→ EXERCISE
Retype exactly the span of lines below from the one with "Исследовано 37 маркеров в лаборатории YSEQ." through the one with "- Überprüfen des". Do not include pictures.

→ TASK INPUTS
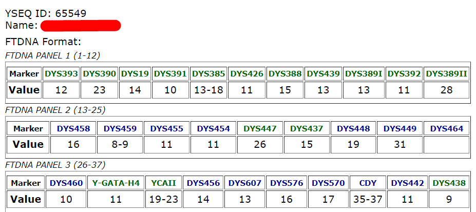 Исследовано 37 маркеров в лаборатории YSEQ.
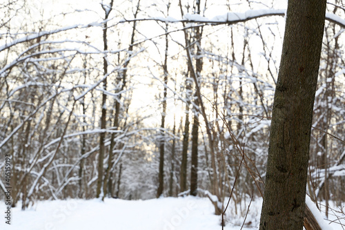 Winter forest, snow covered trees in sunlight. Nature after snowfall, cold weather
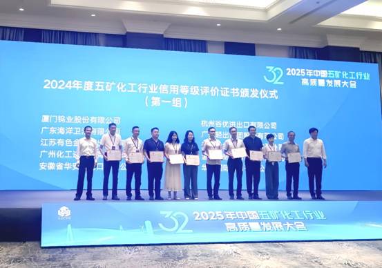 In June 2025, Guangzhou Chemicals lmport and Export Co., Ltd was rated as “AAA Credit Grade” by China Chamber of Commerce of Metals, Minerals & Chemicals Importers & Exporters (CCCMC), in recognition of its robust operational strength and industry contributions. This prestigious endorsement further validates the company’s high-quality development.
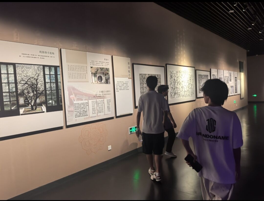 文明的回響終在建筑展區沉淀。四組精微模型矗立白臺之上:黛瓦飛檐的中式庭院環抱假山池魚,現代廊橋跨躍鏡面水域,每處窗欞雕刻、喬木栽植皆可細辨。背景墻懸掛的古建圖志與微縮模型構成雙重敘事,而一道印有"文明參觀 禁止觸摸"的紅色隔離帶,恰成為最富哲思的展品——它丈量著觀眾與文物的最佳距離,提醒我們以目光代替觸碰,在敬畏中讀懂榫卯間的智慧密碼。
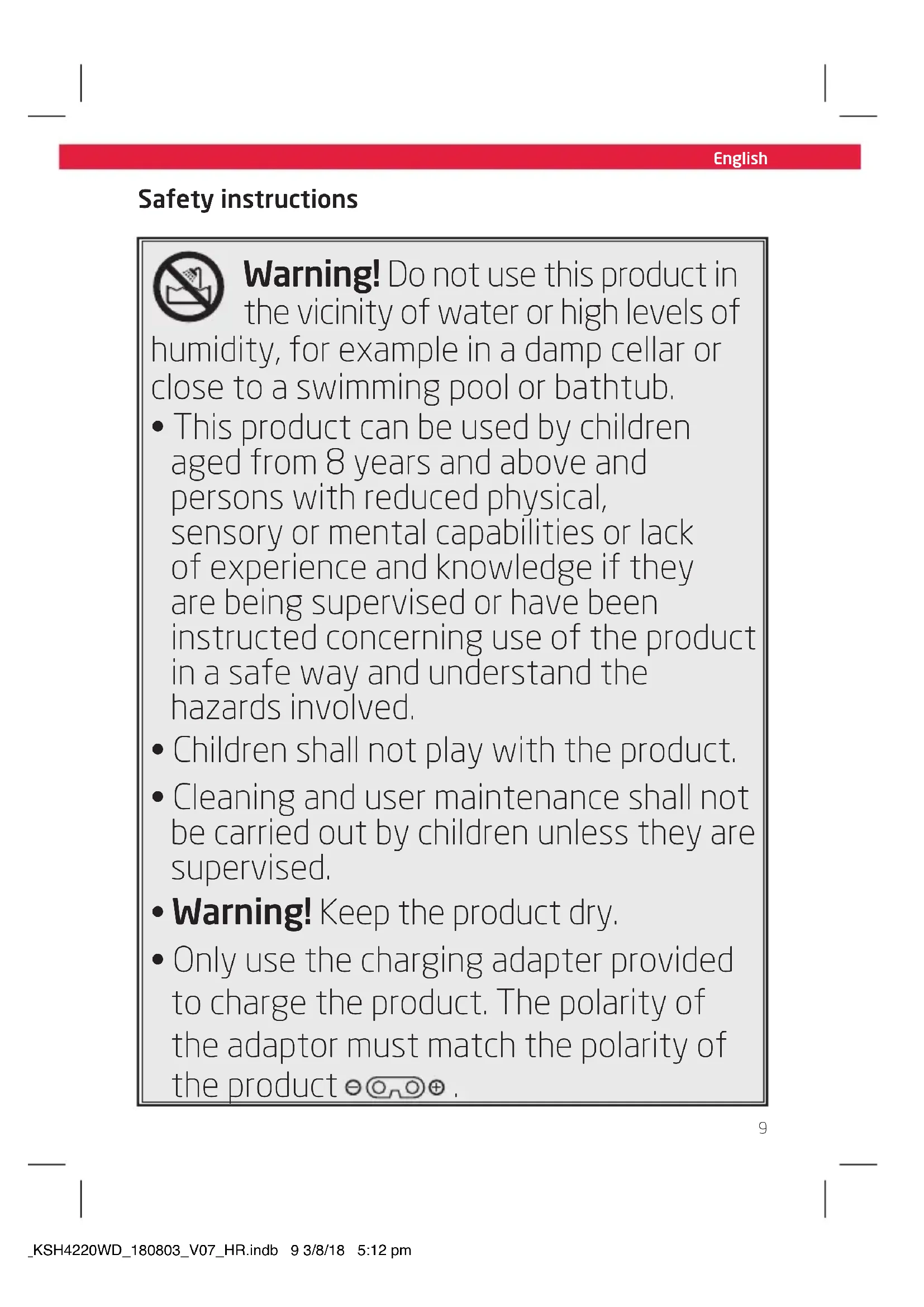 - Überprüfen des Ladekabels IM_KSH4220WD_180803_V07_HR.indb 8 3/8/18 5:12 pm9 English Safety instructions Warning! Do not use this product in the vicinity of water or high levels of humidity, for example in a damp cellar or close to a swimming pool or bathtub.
...
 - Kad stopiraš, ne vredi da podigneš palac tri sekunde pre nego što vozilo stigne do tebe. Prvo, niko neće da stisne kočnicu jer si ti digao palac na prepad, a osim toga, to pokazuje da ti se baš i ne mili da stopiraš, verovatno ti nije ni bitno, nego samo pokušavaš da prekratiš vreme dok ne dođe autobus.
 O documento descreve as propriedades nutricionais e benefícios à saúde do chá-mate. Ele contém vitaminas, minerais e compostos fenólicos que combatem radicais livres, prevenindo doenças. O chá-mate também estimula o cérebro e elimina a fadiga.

→ EXERCISE SOLUTION
 Исследовано 37 маркеров в лаборатории YSEQ.
 Winter forest, snow covered trees in sunlight. Nature after snowfall, cold weather
 In June 2025, Guangzhou Chemicals lmport and Export Co., Ltd was rated as “AAA Credit Grade” by China Chamber of Commerce of Metals, Minerals & Chemicals Importers & Exporters (CCCMC), in recognition of its robust operational strength and industry contributions. This prestigious endorsement further validates the company’s high-quality development.
 文明的回響終在建筑展區沉淀。四組精微模型矗立白臺之上:黛瓦飛檐的中式庭院環抱假山池魚,現代廊橋跨躍鏡面水域,每處窗欞雕刻、喬木栽植皆可細辨。背景墻懸掛的古建圖志與微縮模型構成雙重敘事,而一道印有"文明參觀 禁止觸摸"的紅色隔離帶,恰成為最富哲思的展品——它丈量著觀眾與文物的最佳距離,提醒我們以目光代替觸碰,在敬畏中讀懂榫卯間的智慧密碼。
 - Überprüfen des Ladekabels IM_KSH4220WD_180803_V07_HR.indb 8 3/8/18 5:12 pm9 English Safety instructions Warning! Do not use this product in the vicinity of water or high levels of humidity, for example in a damp cellar or close to a swimming pool or bathtub.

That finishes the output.